[Start of Attachment]

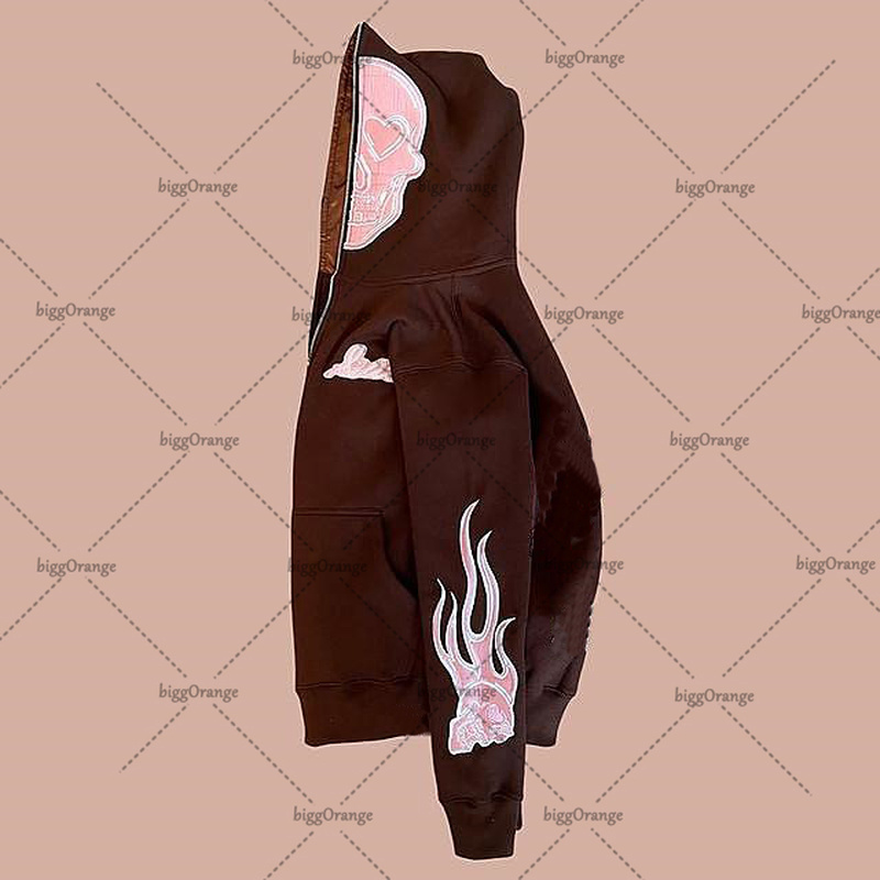Vintage High Street Flame Skull Print Streetwear Hoodie Women's Harajuku Style Pop Sweatshirt Y2K Jacket clothes for teens
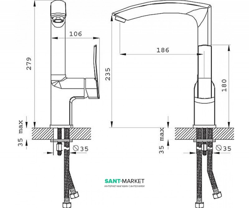Тип смесителя: на одно отверстие смеситель внешнего монтажа
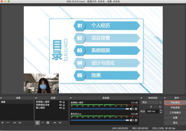 4)设置后,可以调整整个窗口的比例。确认效果后,先点击obs中的推流。
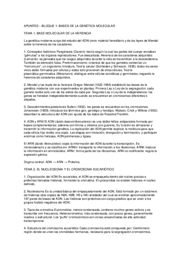 APUNTES GENETICA 1º CUATRI

[End of Attachment]

WORK REQUIRED: Write out verbatim the lines from the one containing "4)设置后,可以调整整个窗口的比例。确认效果后,先点击obs中的推流。" through the last line of the listing above, and no other lines; omit pictures.

ANSWER BELOW:
 4)设置后,可以调整整个窗口的比例。确认效果后,先点击obs中的推流。
 APUNTES GENETICA 1º CUATRI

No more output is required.